A coalition of states that includes Delaware won a court order on May 6 at least temporarily blocking a Trump administration cut to federal Department of Education funding.
In April, a coalition of 15 attorneys general from states including Delaware, as well as the governor of Pennsylvania, sued the U.S. Department of Education claiming a March order that ended states’ access to more than $1 billion in grant funding was unlawful.

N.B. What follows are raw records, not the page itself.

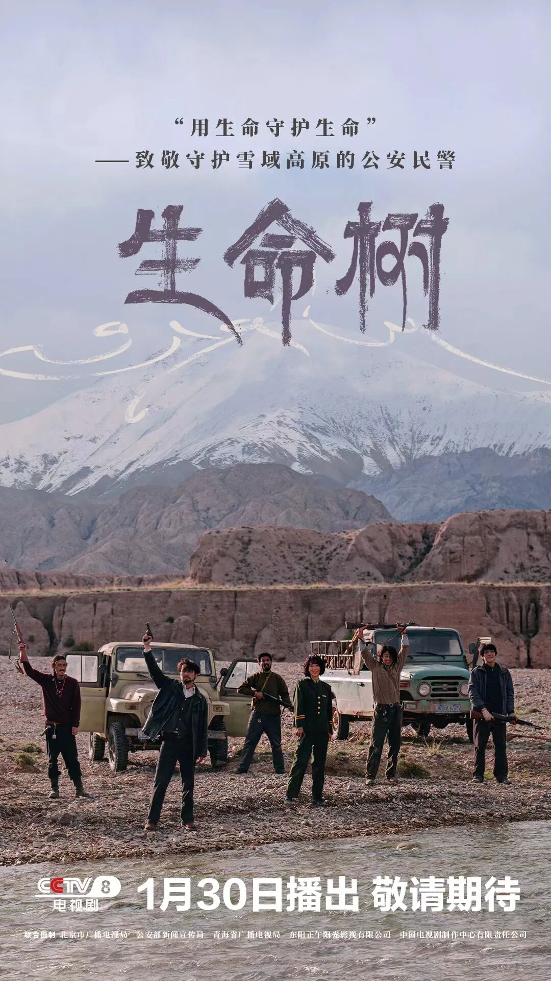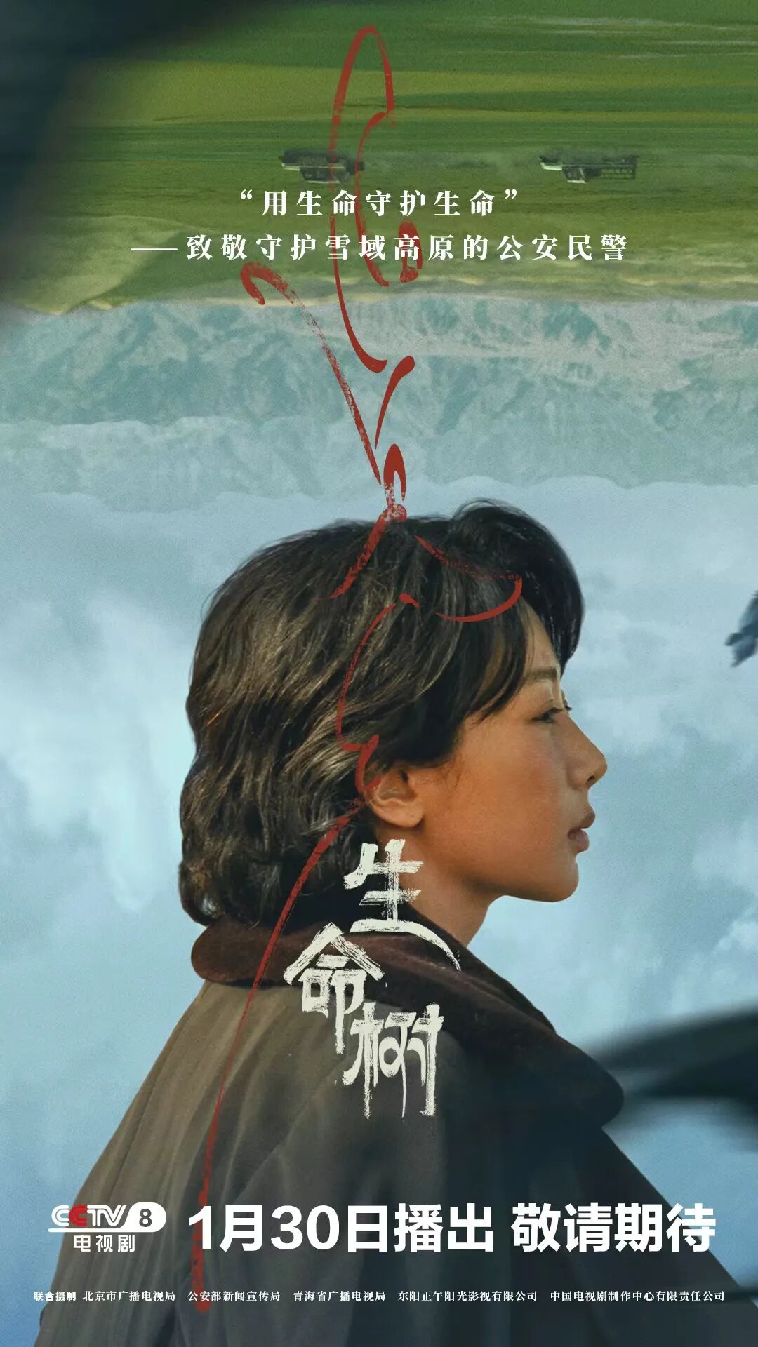 电视剧《生命树》将于1月30日在中央广播电视总台央视八套黄金时段19:30开播。该剧取材自真实事件,以青海可可西里反盗猎斗争为背景,讲述青海省玛治县女民警白菊在信念坚定的副县长多杰带领下,与巡山队员们不惧艰险打击盗猎盗采,用血肉之躯在绝境中保护藏羚羊、守护绿水青山、捍卫生命禁区的故事,艺术刻画了白菊等公安民警坚守“无人区不是无法区”的法治理念,锲而不舍追查案件真相的使命担当,深情礼赞巡山队“用生命守护高原生命”的牺牲精神。
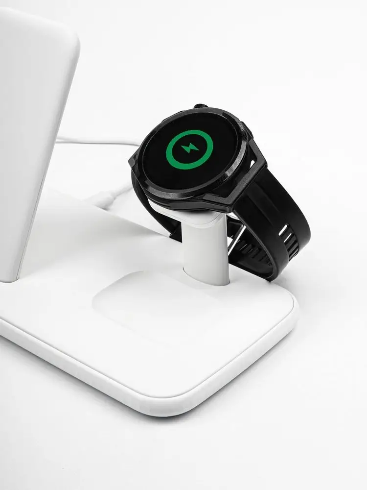 Беспроводная зарядная станция Smart Nest — новый подход к зарядке гаджетов. Вы сможете безопасно заряжать одновременно три устройства без провода и одно устройство через зарядный кабель. Cовместима со смартфонами на iOS или Android и часами (Apple Watch 2–6), наушниками от Apple.
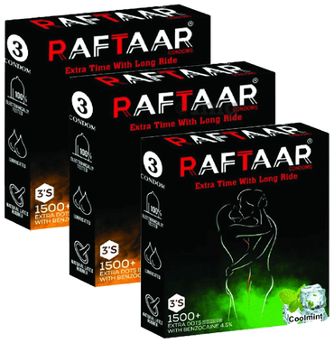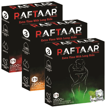 Raftaar Combo Pack of Condom Strawberry, Coolmint, Chocolate (3 Each)
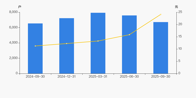 2024年9月30日至今,公司股东户数有所增长,区间涨幅为2.69%。2024年9月30日至2025年9月30日区间股价上涨114.69%。
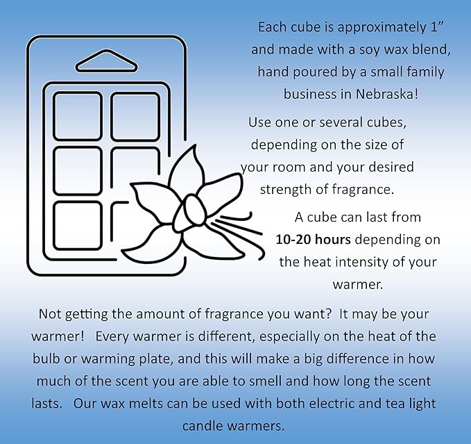 - Approximately 3 ounces of wax per package, for a total of 18 ounces, and 36 cubes..
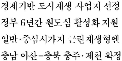 충북 충주와 제천은 ‘중심시가지 근린재생형’으로, 충남 아산은 ‘일반 근린재생형’ 사업지로 각각 지정돼 지역별 특화사업이 추진된다.
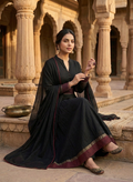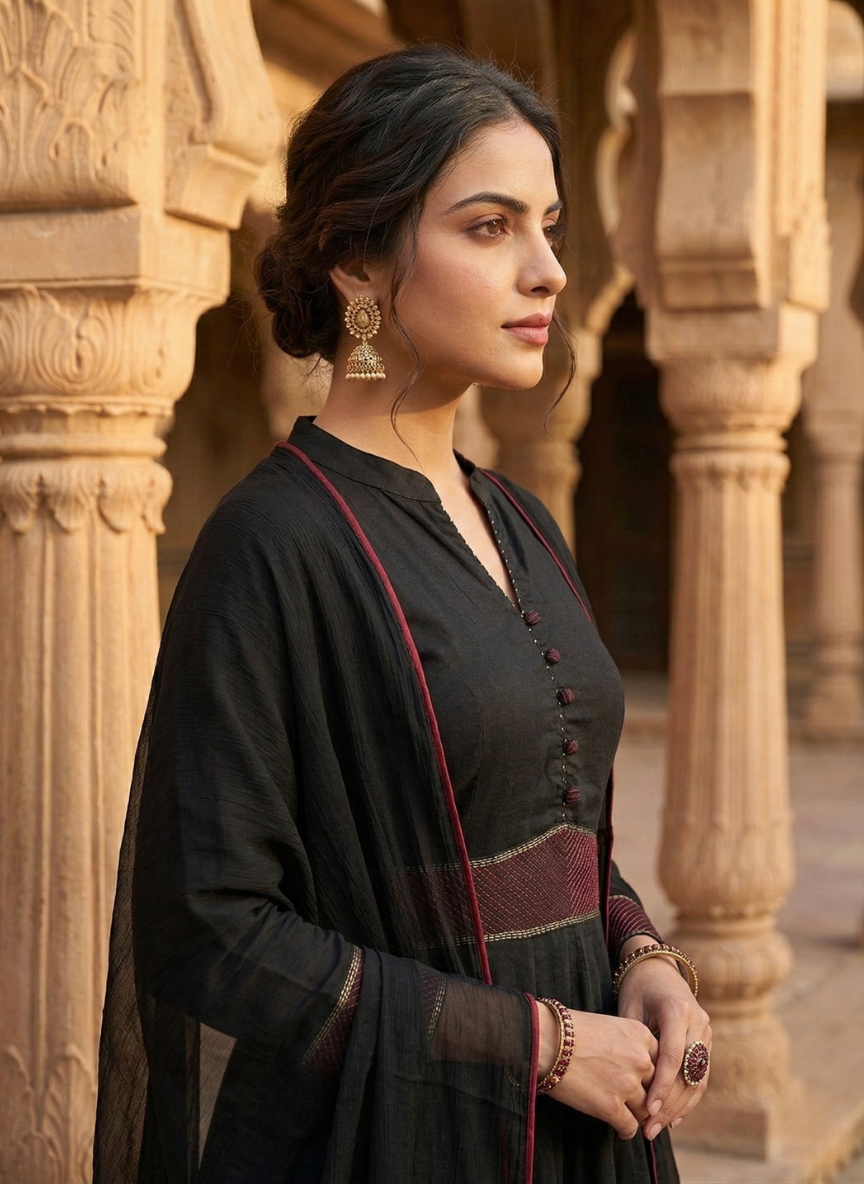The Classic Black Anarkali Kurta Set is a timeless expression of elegance and understated luxury. Designed in a deep black hue, this flared silhouette features subtle panel detailing and a contrast maroon waist accent that adds depth and definition. Paired with a sheer dupatta edged in matching borders, this ensemble exudes grace—perfect for evening occasions and festive celebrations.
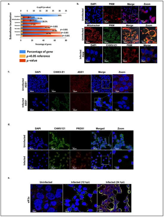 To validate in silico predictions of host protein localization during uninfected and CHIKV-infected states, we employed confocal microscopy to examine some of the key interacting host proteins, namely, argininosuccinate synthase 1 (ASS1), pyruvate kinase M (PKM), eukaryotic translation initiation factor alpha subunit (eIF2α), and peroxiredoxin 1 (PRDX1). CHIKV E1 protein was used as a marker to confirm the infection status within cells. We first focused on the subcellular localization of pyruvate kinase M (PKM), evaluating its co-localization with mitochondria using MitoTracker Red and with nuclei stained by DAPI. In uninfected cells, PKM was observed in the cytosol, mitochondria, and nucleus (Figure 4b, first and second panels), whereas at 12 hpi, it was restricted to the cytosol (Figure 4b, third panel). Next, we examined ASS1 in Huh7 cells, finding it consistently localized to the cytosol in both uninfected and infected conditions (Figure 4c). Peroxiredoxin was similarly confined to the cytosol under both conditions. However, a low expression of peroxiredoxin 1 was also seen in the nucleus during the uninfected condition (Figure 4d). A temporal localization analysis of host translation initiation factor eIF2α at 12 hpi and 24 hpi revealed a dynamic subcellular redistribution of the protein. At 12 hpi, eIF2α was predominantly localized in the cytosol (Figure 4e); however, by 24 hpi, the protein exhibited a marked translocation to the nucleus, with a concomitant reduction in cytosolic presence. This temporal shift in eIF2α localization suggests a virus-induced modulation of host translational control mechanisms, potentially contributing to the cellular stress response during CHIKV replication.
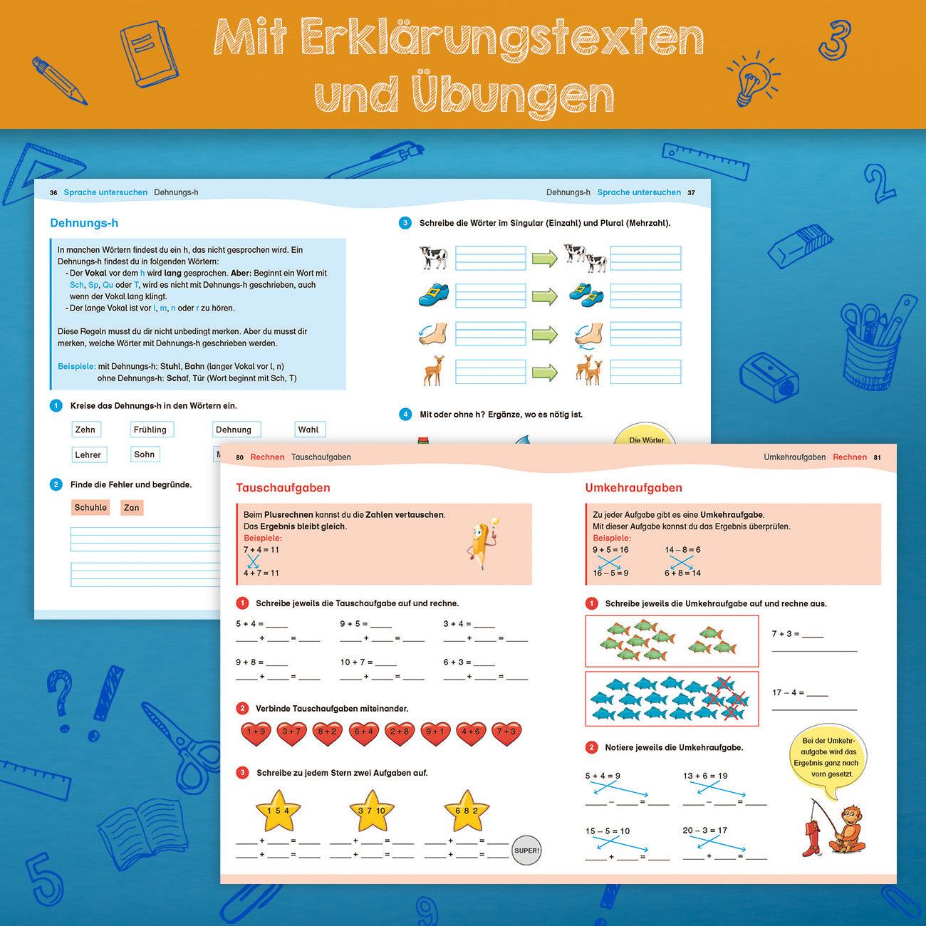 Von der ersten bis zur vierten Klasse helfen die Übungshefte der Reihe „Lückenlos ins nächste Schuljahr“ dabei, die Deutsch- und Mathekenntnisse Ihrer Kinder zu verbessern. Die Aufgaben sind der Klassenstufe entsprechend aufbereitet und mit altersgerechten Erklärungen ergänzt. Die abwechslungsreichen Aufgabentypen behandeln die grundlegenden Inhalte der beiden Hauptfächer.
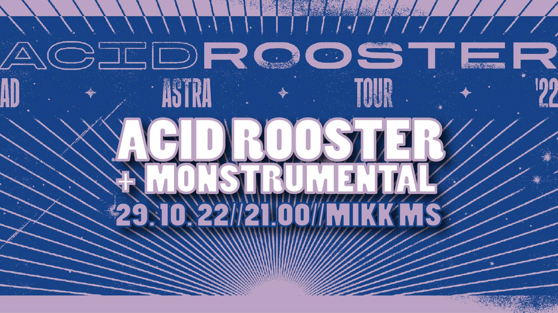 MIKK Murska Sobota in Močeradovec Sobota, 29. Oktober 2022 ob 21h Klubski prostor Vstopnina 5 EUR Alternativna godba: Acid Rooster, Monstrumental Acid Rooster ...
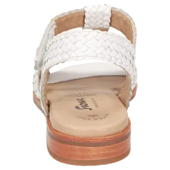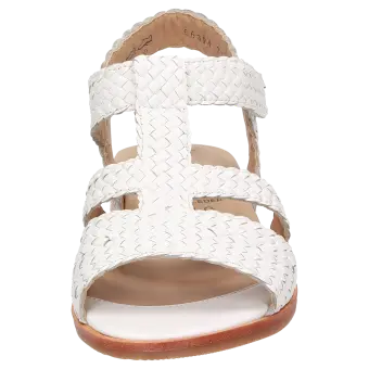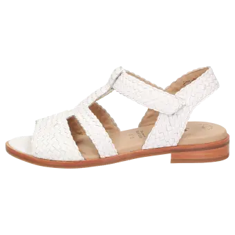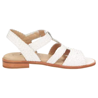 Elaborately braided goatskin leather summer sandals with a very soft, padded leather insole. A Velcro fastening enhances the fit, and the shock-absorbing sole with distinctive ripple profile provides added comfort when walking.
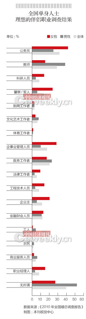 “去年,我們提出了一個理論叫做擇偶的超價理論,即每個人都希望找到比自己實際條件更高的理想的對象;今年我們又提出了擇偶錯位的概念,即人們對另一半的期望是合理的,但它是不對稱的,比如男性的擇偶期望和女性的擇偶期望不吻合,整個的單身人群的擇偶期望跟整個社會情況不吻合。”田范江表示,據《2010年全國婚戀調查報告》顯示,24%的女性認為自己黃金的結婚年齡是28歲~30歲,但只有7.2%的男性認同這一觀點。這意味著百分之十幾的女性可能成為“剩女”。另外,在擇偶標準里,70%以上的女性認為對方要有房子,50%左右的男性也要求對方有房子,可在大城市里,這樣的要求和現實不吻合。
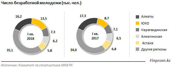 Отмечается, что максимальный уровень безработицы по итогам первого квартала 2018 года зафиксирован в Алматы. Уровень безработной молодежи за первый квартал 2018 года составил 4,1 процента, в аналогичном периоде прошлого года - 3,9. Количество рабочей силы выросло на 1,2 процента, до 2,07 миллиона  человек.
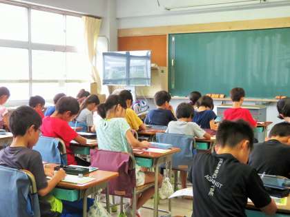 4年生は、国語の短歌や漢字ドリルに集中して取り組んでいました。
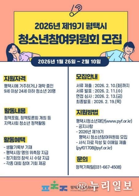 (누리일보) 평택시와 평택시청소년재단은 청소년 정책 참여 기회를 확대하고 자치 역량을 강화하기 위한 2026년 제19기 청소년참여위원회 위원 20명을 공개 모집한다고 밝혔다.
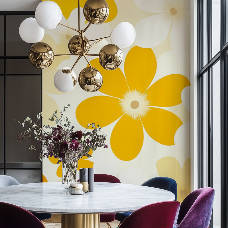 Comment le Papier Peint Vintage Jaune Fleurs transforme-t-il l'espace ?
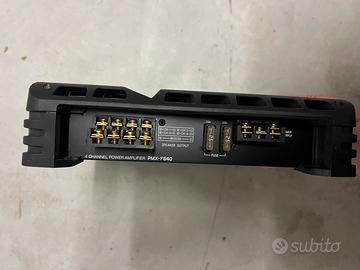 Massime potenze di uscitaPotenza massima totale: 640WPotenza nominale RMSPer canale in 4ohms (≤1% THD + N): 4 x 50WPer canale in 2ohms (≤1% THD + N): 4 x 75WBridged in 4ohms (≤1% THD + N): 2 x 150WSintonizzazione del suonoFrequenza di crossover (Fix, OFF / LPF / HPF selezionabili) 1/2 ch: 80 Hz (-18dB / oct)Frequenza di crossover (Fix, OFF / LPF / HPF selezionabili) 3/4 canali: 80 Hz (-18dB / oct)EQ (Equalizzatore): EQ basso Frequenza fissa 50 Hz _ Guadagno selezionabile 0 / + 6 / + 12 dB (3 / 4ch)DimensioniImpronta: 270 mm x 60 mm x 242 mmGeneraleRequisiti di alimentazione: 14,4 V CC (da 11 V a 16 V)Sensibilità di ingresso: 0,2 - 4,0 V (RCA IN)Impedenza di ingresso: RCA IN 10k Ω / SP IN 10k ΩRisposta in frequenza: 10 Hz - 50 kHz (+ 0, -1 dB)Altoparlante Impedenza: 4 o 2 ΩSegnale su rumore: rapporto S / N (IHF A ponderato, Riferimento: potenza nominale su 4 ohm) 90 dBPeso: 3,0 Kg

The money at the center of the litigation is part of the American Rescue Plan Act, a federal stimulus bill passed by U.S. Congress during the COVID-19 pandemic. It funded education-related programs that support states’ school systems and help vulnerable students, according to a press release issued May 9 by the Delaware Department of Justice.
Funding under the stimulus bill remained available to states to use for local education under extensions granted by the federal government since the end of the pandemic. The Department of Education’s March order ended those extensions, cutting off funding that school districts had already budgeted.
A spokesperson for Delaware Attorney General Kathy Jennings said the total funds for Delaware implicated by the order and lawsuit totaled $43.2 million.
U.S. Secretary of Education Linda McMahon prepares for a television interview at the White House in Washington, D.C., U.S., April 16, 2025.
A judge in the case on May 6 issued a preliminary injunction preventing the blocking of the funding while the parties litigate whether the Trump administration’s order was lawful, according to the order.
The lawsuit is one of many that Delaware has joined in targeting the Trump administration’s actions.